# Gateway, merchant account, the difference?



## printpuller (Jan 25, 2008)

I signed up for Shopify and they say I need to select a gateway. What is the difference, and function between a gateway and merchant account
and who actually processes the credit card Shopify, the gateway or the merchant account? trying to sort out what does what


----------



## sunnydayz (Jun 22, 2007)

The gateway is the company that processes your payments, the merchant account is the actuall business bank account the money goes into.


----------



## printpuller (Jan 25, 2008)

so my bank just just takes in the money from the transaction and doesn't actually handle the credit card transaction?


----------



## sunnydayz (Jun 22, 2007)

Thats usually the way it works  I think you can have a merchant account with a gateway processor thru your bank but usually when doing online business they are usually seperate.


----------



## Rodney (Nov 3, 2004)

printpuller said:


> so my bank just just takes in the money from the transaction and doesn't actually handle the credit card transaction?


*The way I've looked at it is:*

You need a "merchant account" to accept credit cards. This gives you an account with Visa/MC (and others if you apply) so you can accept those cards at your business.

If you are processing sales in person, you would take the customer's card and swipe it through your machine and the machine would contact the customer's bank to make sure the funds are available for the purchase.

When you process credit cards online, you don't have a machine like that. So the "GATEWAY" is your "swiper machine" in this case. Your shopping cart (or shopify) allows the customer to securely enter their billing information and cc number online in the secure online forms. When they click the ORDER button, the customer's payment information is sent through the GATEWAY and the GATEWAY electronically contacts the customer's bank to make sure the funds are available and then the GATEWAY notifies your shopping cart (or shopify) to approve or decline the order. The customer never has to leave your site when all this happens and your business name shows up on their credit card statement.

The most popular online payment gateway for merchant accounts is AUTHORIZE.net. I recommend finding a merchant account that comes with this payment gateway. 

A merchant account usually has monthly fees that cover billing statements, a percentage of each transaction and the gateway fees.

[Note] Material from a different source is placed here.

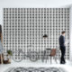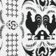 Zwart-wit landelijk rustiek decor patroon met rug-tot-rug hanen en een schuur met extra bloemstijl (floralia) details van Holiday Hearts Design.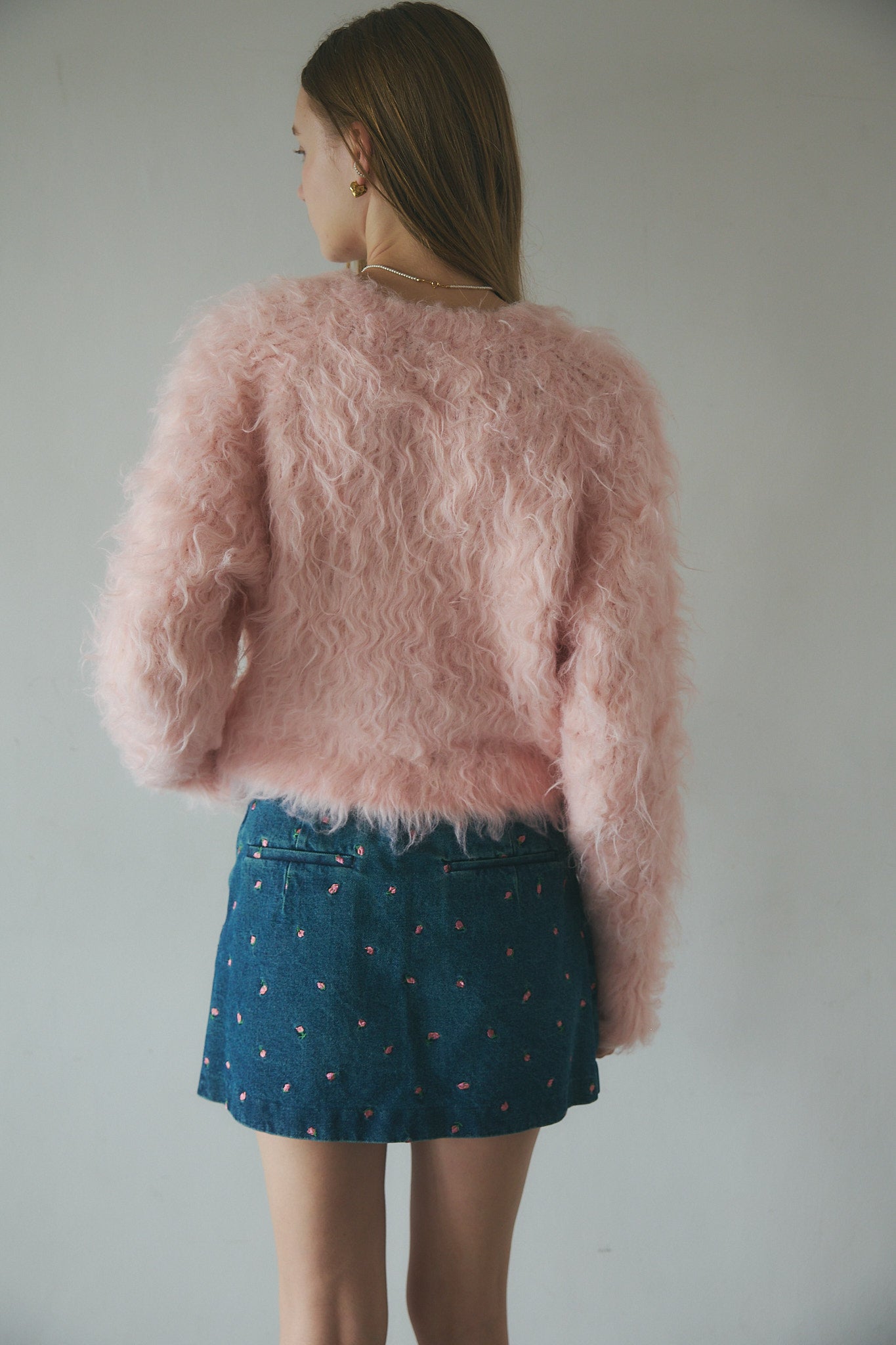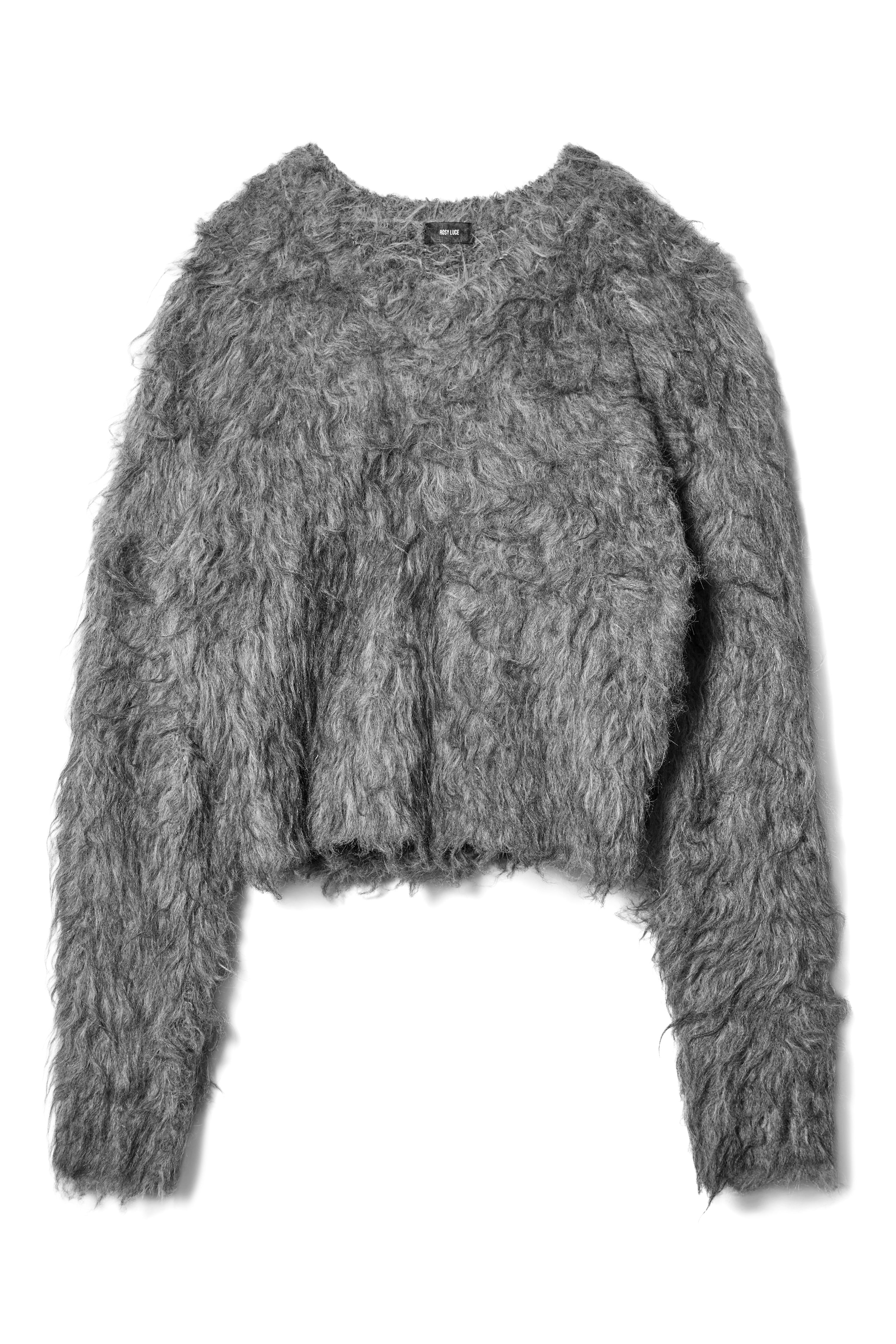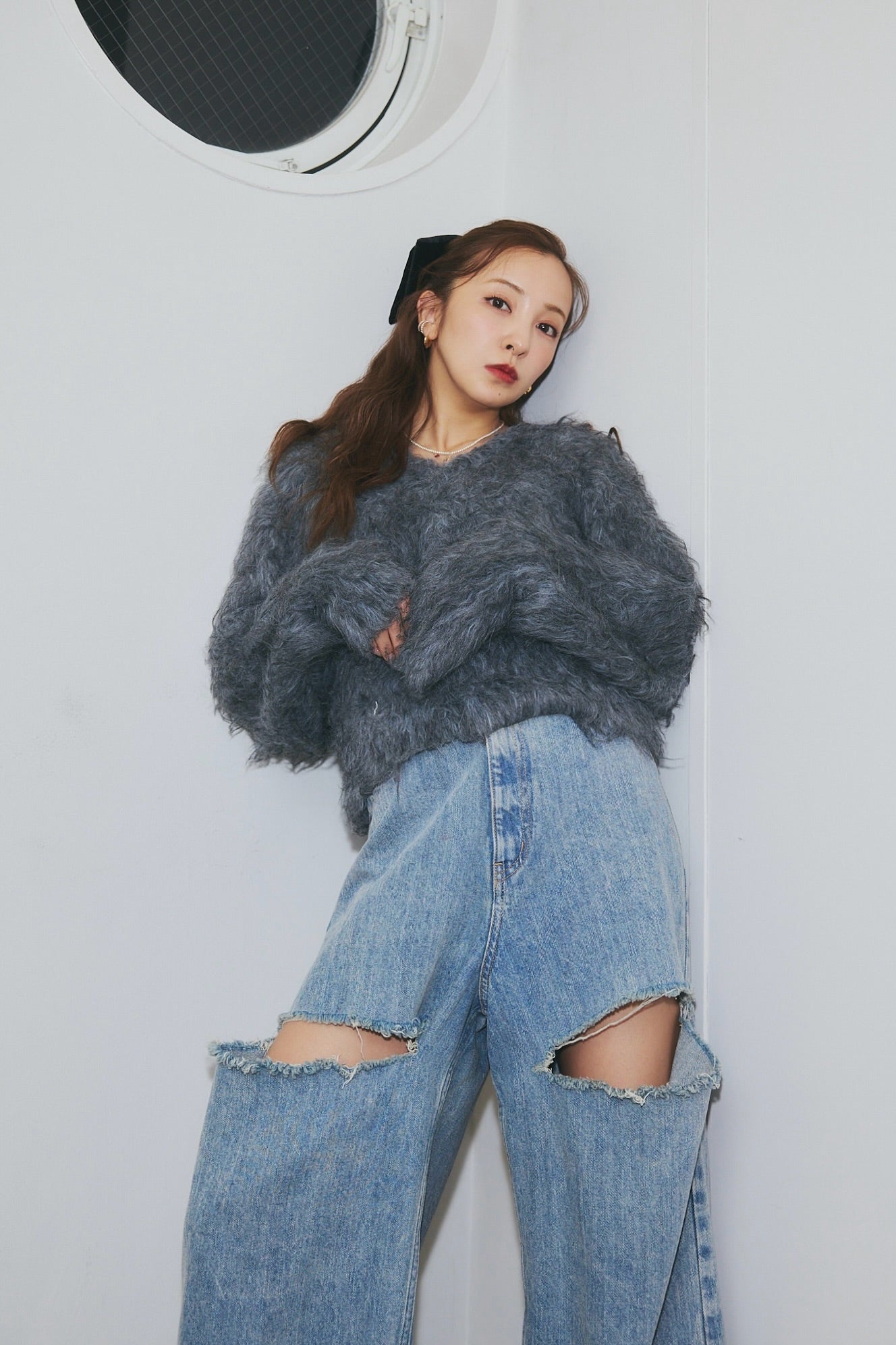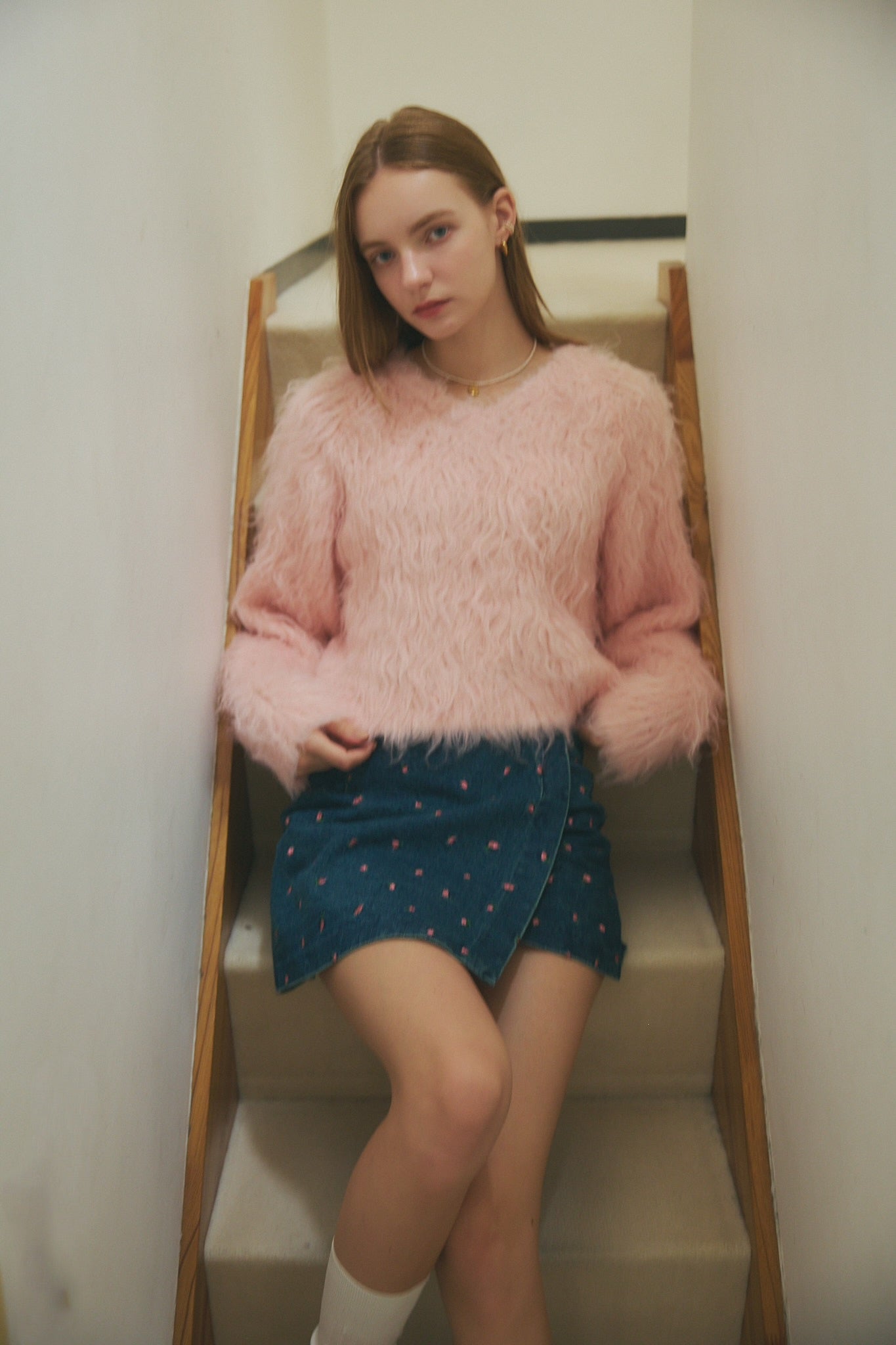 ふわふわとしたシャギー素材がシーズンムードを高めるニットプルオーバー。

There are companies like PayPal that will allow you to accept credit cards without having a merchant account. 

The customer goes to checkout and then get stransferred to PayPal's website for payment. If the customer has a PayPal account, they can login to their PayPal account and send the money to your account for the order total and then get sent back to your shopping cart. If the customer doesn't have a PayPal account, they can just securely enter their credit card details on the PayPal site without signing up for an account. A regular PayPal account has no monthly fees, they just charge a percentage of the transaction. It's less "seamless" because the customer has to leave your website to make a purchase and the credit card statement shows PayPal*BUSINESS NAME instead of just your business name. To make things more confusing, PayPal also offers an actual "merchant account" service option now as well that has a monthly fee.

Hope this helps


----------



## sunnydayz (Jun 22, 2007)

Thank you Rodney that is a great explanation


----------